On May 28, I attended the first of a two-part workshop, “But I Don’t Feel White: Let’s Talk Race,” co-sponsored by the Wilmot Public Library and Wilmot United Congregational Church’s Racial Justice Steering Committee. In response to recent letters that were critical of this event, written by three people who did not attend, I wish to share my firsthand experience.
Following introductions, the event organizers introduced the rules of engagement for the event, which called for confidentiality, active listening, and a judgement-free zone. Two facilitators led our group of local people in discussion of our (mostly white) identities.
The conversations, both in pairs and as a larger group, were opportunities to reflect on our formative experiences and consider how our identities were shaped by factors such as our ethnicity, race, education, social groups, religion, economics, and popular culture.

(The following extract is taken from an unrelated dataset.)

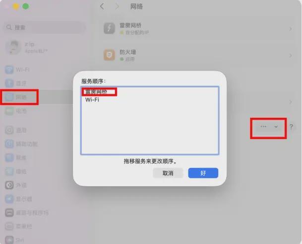 操作也很简单,首先在控制面板-文件服务-高级设置中启用Bonjour服务,接着在mac上的访达-前往-网络,就能选择这台NAS,选择你想要传输的那个文件夹,然后再到mac设置-网络,找到右下角三个点点,点击设定服务顺序,将雷电网桥拖到最前面。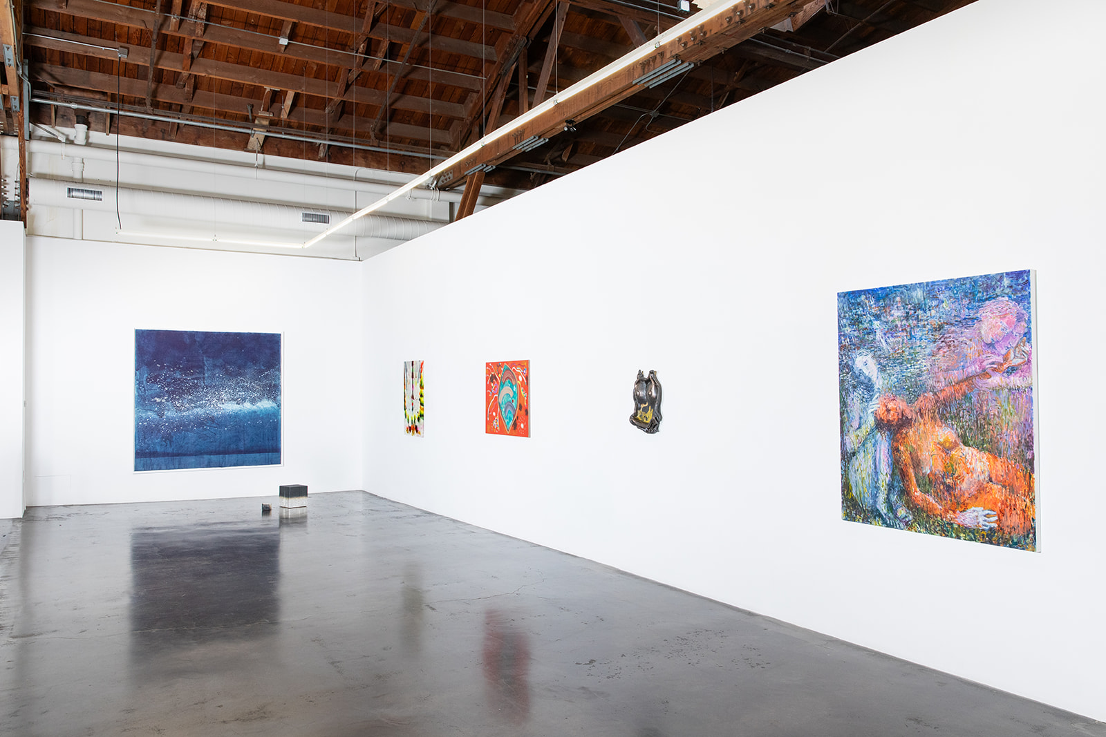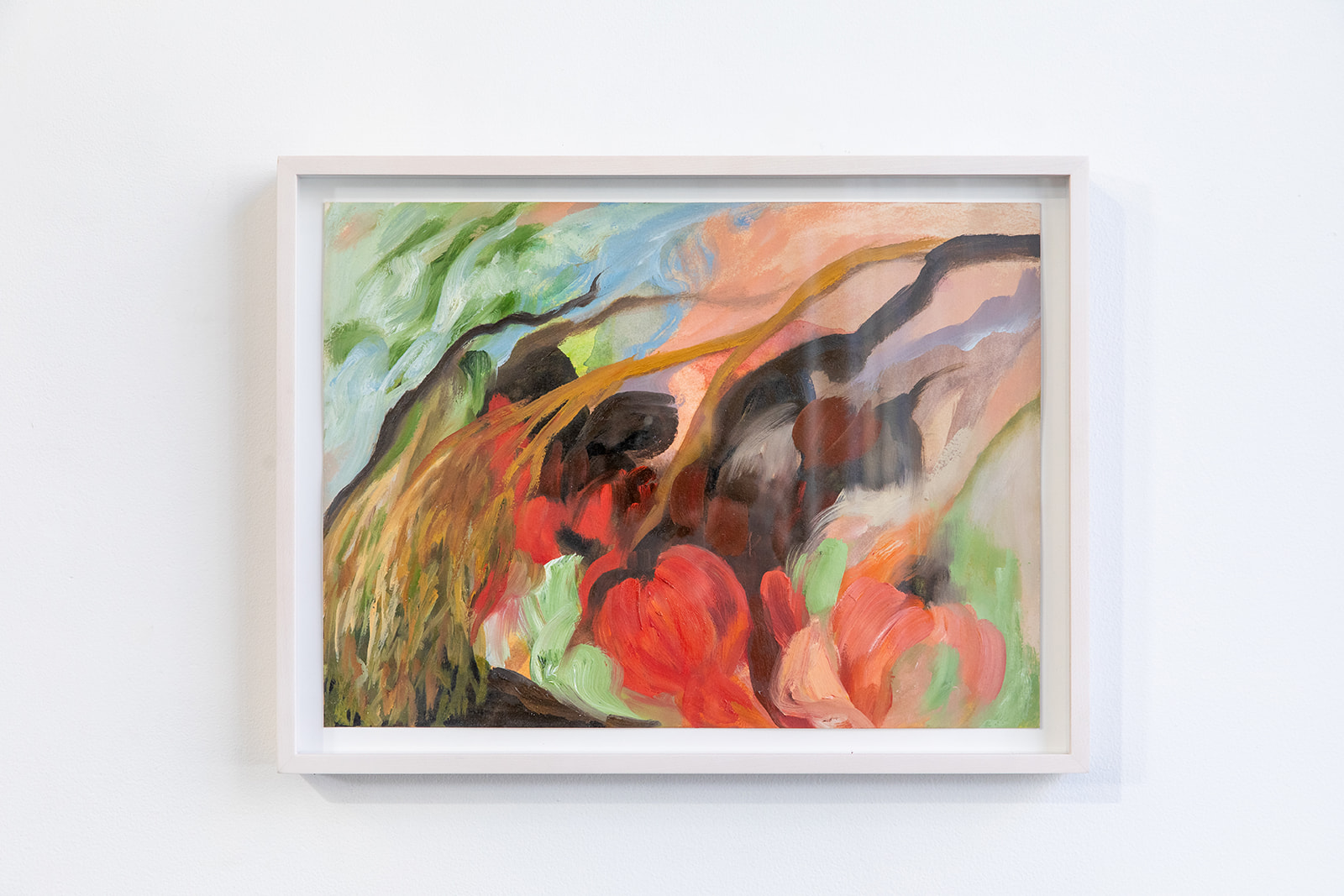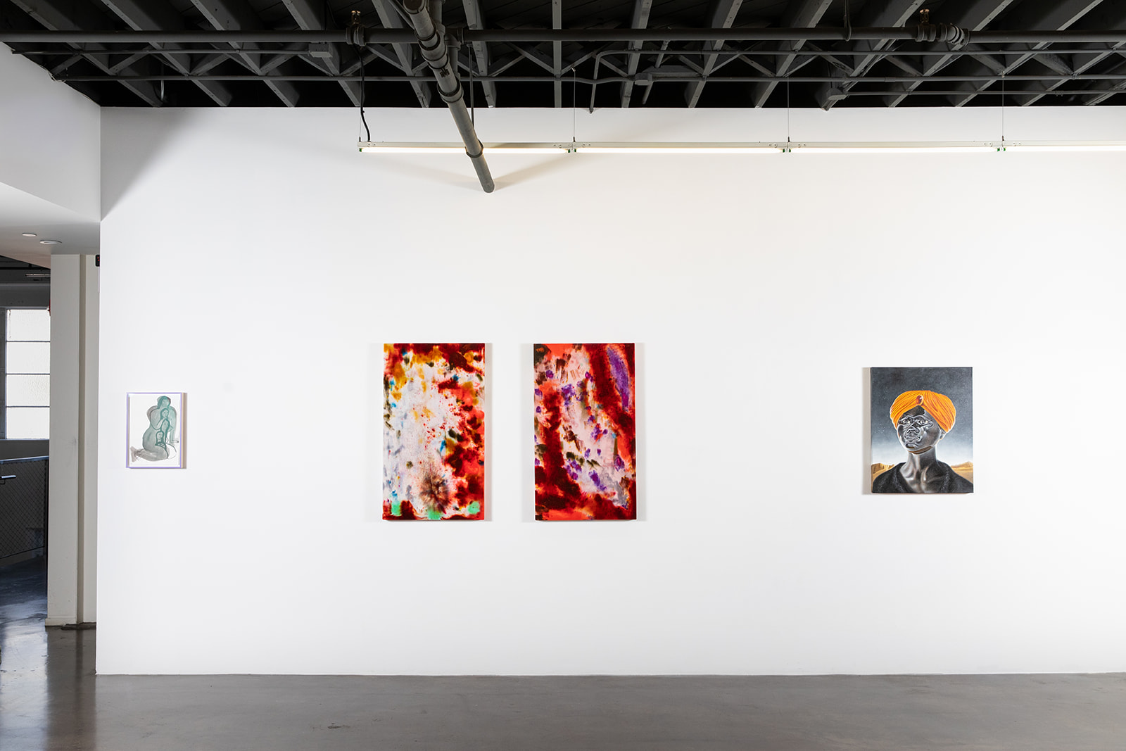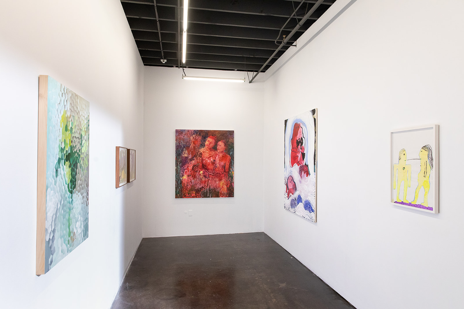 Questions of embodiment, care, and becoming run through the practices of Justine Di Fiore and Nasim Hantehzadeh. Di Fiore’s paintings emerge from the intimate labor of caregiving, where touch and gesture mirror the vulnerability of bodies held and tended. Hantehzadeh’s expansive, gestural compositions draw from pre-colonial mythologies and queer histories, channeling the body as a site of resistance, pleasure, and psychic release.

The discussions then turned to our connections to more diverse populations and what we learned about ourselves and others through these experiences. We discovered that within our mostly white community, our group represented a wide range of experiences and backgrounds and varying degrees of connection to people of other races. What we did not discuss was the highly politicized body of legal scholarship called Critical Race Theory.
I emerged from the workshop with fresh insights into my own evolving identity and that of my neighbors. The conversation affirmed my belief that talking about race and the growing diversity of our nation is healthy and necessary if we hope to heal our divided nation and contribute to building more compassionate, inclusive, and equitable communities. For me, this workshop was an important first step in this direction.